Monday, 29 March 2010
After last weeks budget, our local burger bar has launched the new Alastair Darling Value Meal. Order anything you like,and the fella behind you has to pay for it!
With the General Election looming up in the not too distant future, at last Gordon Brown decided to throw the towel in and resign. His cabinet colleagues decided it would be a worthy gesture to name a railway locomotive after him.
So Alastair`Darling´ (he of the magnificent eyebrows) went from Whitehall to the National Railway Museum at York, to investigate the possibilities.
"We have a number of locomotives at the NRM without names," a specially sought NRM consultant told the Chancellor. "Mostly freight locomotives though."
"Oh dear, that’s not very fitting for a prime minister," said Alastair, "How about that big green one, over there?" he said, pointing to no. 4472.
"That’s already got a name,” said the consultant. "It’s called `Flying Scotsman´."
"Oh. Couldn’t it not be renamed?" asked Darling. "This is a national museum after all, funded by the taxpayer."
"I suppose it might be considered," said the NRM consultant. "After all the LNER renamed a number of their locomotives after directors of the company, and even renamed one of them The Peter Mandelson Express."

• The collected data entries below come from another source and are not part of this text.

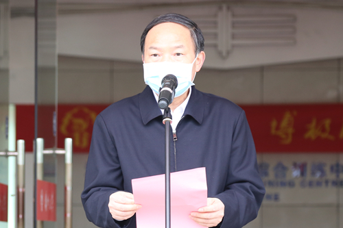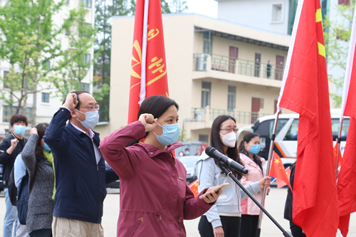 校党委副书记叶柏森宣读出征人员名单。医疗队领队王庆林同志做表态发言。全体出征队员庄重宣誓“‘扬’帆驰援,‘苏’战速决。战疫有我,请党放心。”出征仪式前,学校还针对医护人员组织开展了专门的技能培训。
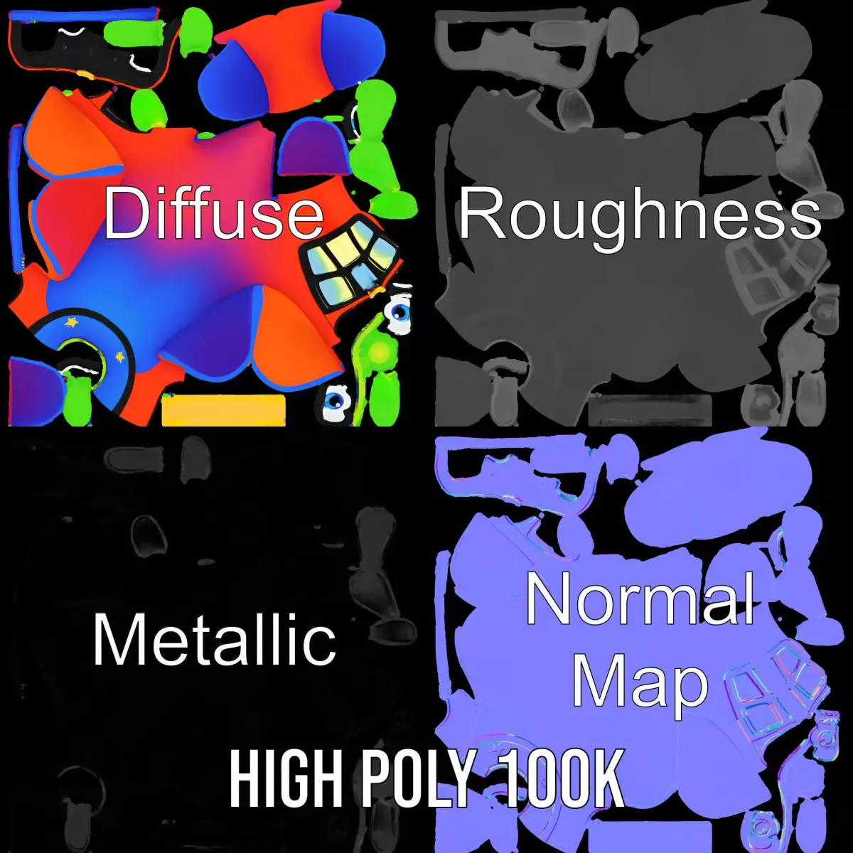 This vibrant and playful cartoon airplane model is perfect for use in children's animated series, educational games, or interactive apps. Its bright colors and cheerful design bring a sense of fun and imagination. Each model has 3 levels of detail: low-poly (1000 triangles for mobile), middle-poly (10,000 triangles for environment), and high-poly (100,000 triangles), which allows for the use of this model in production rendering (such as 3ds Max, Maya, Cinema 4D, Blender, Vray/Corona/Cycles and all others), game engines (Unity and Unreal compatible), and interactive presentations, providing a choice of detail based on the LOD System principle. The model's textures are PBR, Diffuse, NormalMap, and reflection/roughness/metallic, suitable for any modern rendering engine. All models accurately unwrapped and have no overlapping UVs. Textures are 4096*4096 in size. Please like and leave a comment if you enjoy this model.
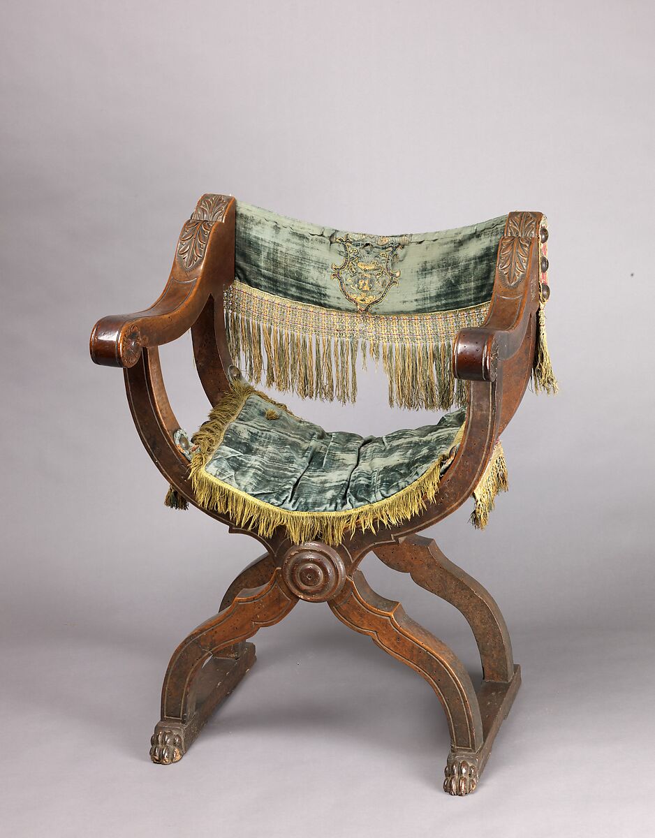 - Date:15th or 16th century (textiles); 16th century (chair)
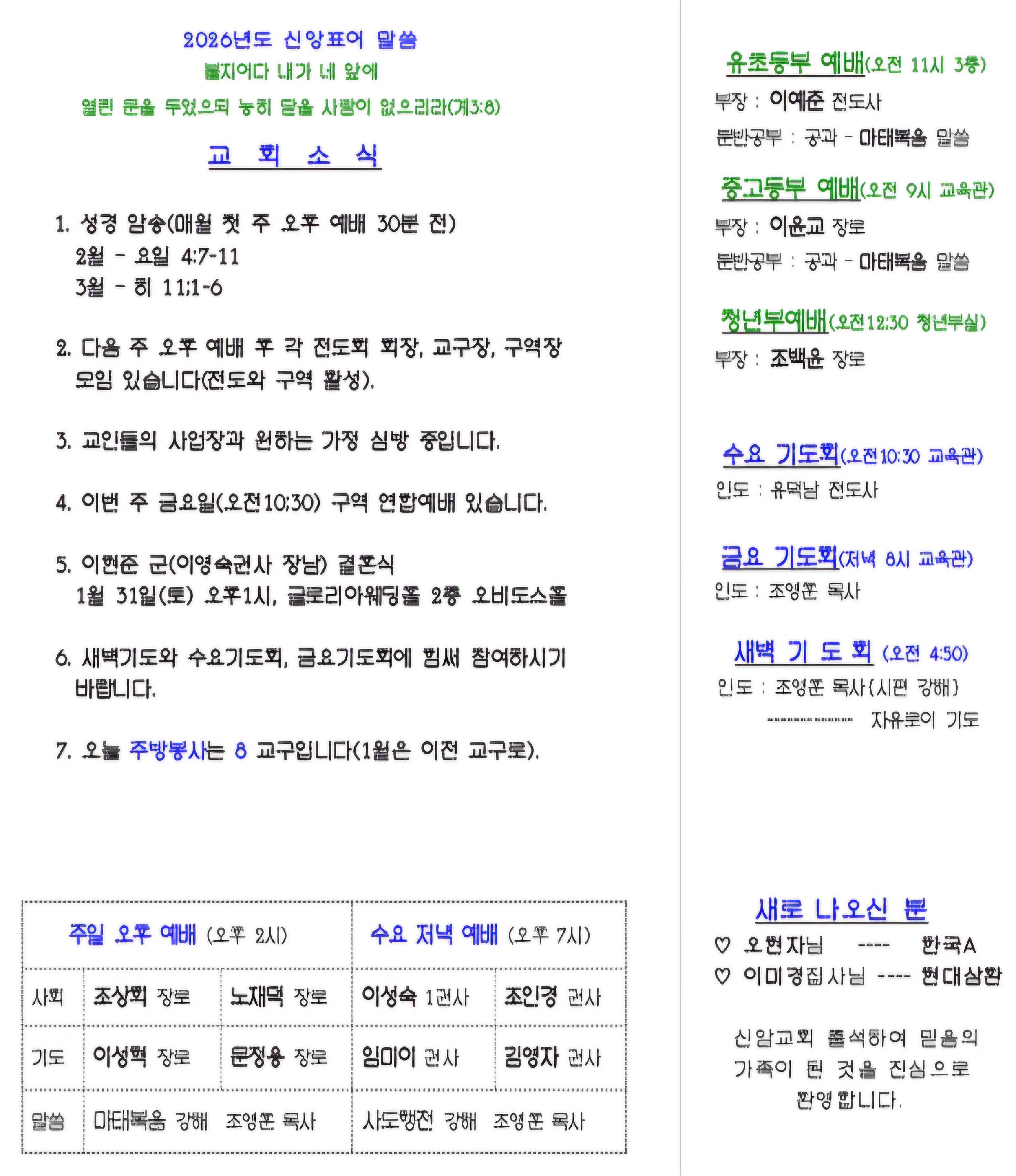 2026년 1월 25일 장년부 주보입니다.
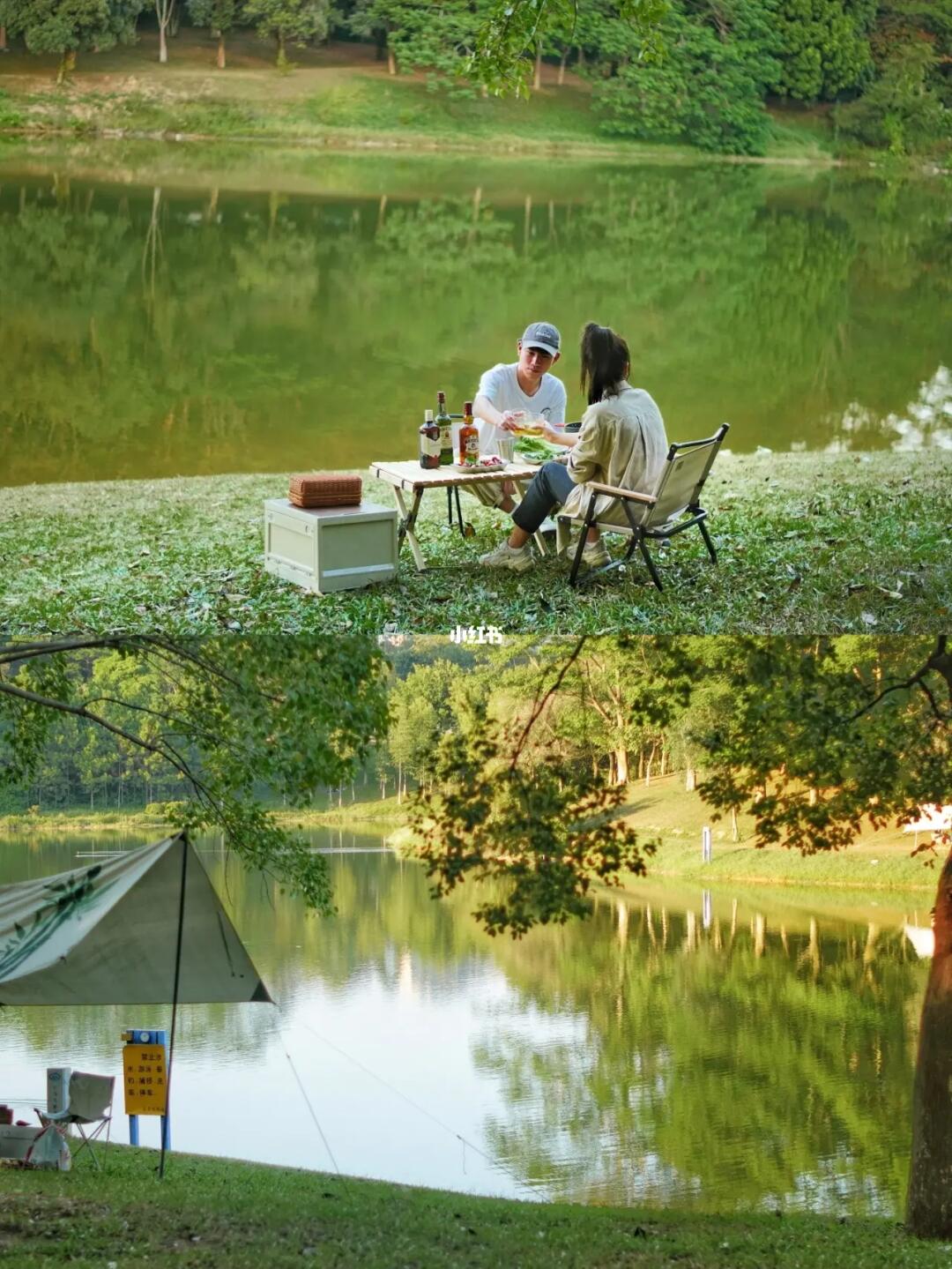 ✅关于露营植物园后面这片湖,特别是靠近迎宾馆这边,基本没有管辖,所以大家可以搭天幕跟用卡炉。 车就停在湖边,距离露营地不到50米,很方便。

"That’s excellent,” said Alastair Darling, "So that’s settled then. Let’s look at renaming 4472. But how much will it cost? We can’t spend too much, given the expenses scandal!"
Well, said the consultant, "We could always just paint out the `F´"
Jack Sprat was broke and flat, his wife had not a bean,
And so each stood for Parliament, (North) (South) Gretna Green.
Now since they are in Westminster, they now have high pretences,
They were soon shown how to make a load, by fiddling their expenses.
They charged for every platter, all their food and all their drink,
With a "Hazel-Blears-type mortgage, a Jacqui-Smith -sized sink.
They piled the money in their bank, in that they were most zealous,
It would make old Midas's eyebrow raise and Croesus to feel quite jealous.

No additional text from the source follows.